# Isomac Millenium - Problem during renovation



## TheSentinel (Aug 20, 2013)

*Please help a thirsty Swede.*

I recently bought a neglected Isomac Millennium as a renovation project. Im having some problems and is really in need of help (No service available here in Sweden).

*The story so far:*

Former owner had it stored a couple of years since it had started to leak underneath. Just before I got it (yesterday) he tock it out and started it up, it leaked and directly blew the fuse in the wall socket.

When I got there I quickly located a lose silicone hose that leaked right out on the electrics. Since it was still wet I didn't start up. We negotiated a price and I headed home. I pulled it apart and reattached the lose hose to the OPV. Dried everything up, including the inside of the Giemme Control Box and then filled up the tank, wile adding some citric acid thats been laying around.

*1st start up:* Both red indicators turns on. Takes in water, starts to heat and building up pressure. Pump keeps going, and at 0.5 bar it starts to push out hot water back to the tank. Nothing but drops comes out of the water outlet and no steam. Never got a green light or tried the coffee lever. At this point I called it a night and let it cool down.

*2nd start up:* Both red indicators turns on. Takes in water, starts to heat and again at 0.5 bar starts to push out hot water back to the water tank. Seems like the pump stays on all the time. A little water can be extracted from the water outlet, no steam. Didn't pull the coffee lever, no green light. Turned it of pretty quick, trying to avoid overheating. Letting it cool down for an hour.

*3rd start up:* Both red indicators turns on. Doesn't take in water and now doesn't heat ether.

Nothing from the water outlet, no steam. Pulled the coffee lever and the pump starts, slowly pouring out some water thru the groups head. Nu real flushing, but slow like pulling a hard pressed shot. Still no green light.

If I remove the cable from the water level sensor, it starts to fill up. Measuring the thermofuse, got a 0 reading, guess thats ok. Measuring the heating element, got a OL reading (Oh no, Did I kill it?).

What to do now?








*Edit - **Fault found: New OPV rubber valve (first fault) and a new heating element (second fault, that could have been avoided). *


----------



## El carajillo (Mar 16, 2013)

I do not know this machine but it sounds as if it has been neglected.Probably scaled up inside,possibly scale particles in valves ,partially blocked pump /OPV, water sensor stuck in empty position.

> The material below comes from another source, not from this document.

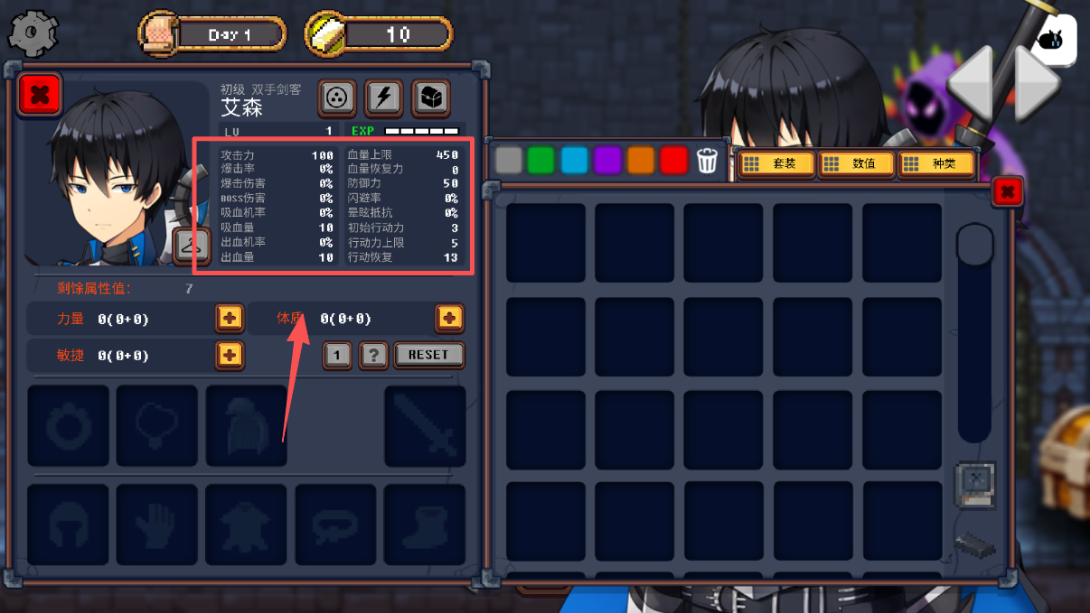 3、查看角色属性并分配点数。合理分配属性点可以增强角色能力,为战斗做好准备。

Re check readings across heater connections but it does sound as if you have "cooked" the heating element. Try heating element directly across terminals.

PS Also check between element contacts and "ground" =earth=boiler


----------



## TheSentinel (Aug 20, 2013)

El carajillo said:


> I do not know this machine but it sounds as if it has been neglected.Probably scaled up inside,possibly scale particles in valves ,partially blocked pump /OPV, water sensor stuck in empty position. Re check readings across heater connections but it does sound as if you have "cooked" the heating element. Try heating element directly across terminals.
> 
> PS Also check between element contacts and "ground" =earth=boiler


Thanks. Iv'e done a descale at first startup, and when the water level sensor is disconnected, the machine starts to fill up, so the pump and sensor seams ok.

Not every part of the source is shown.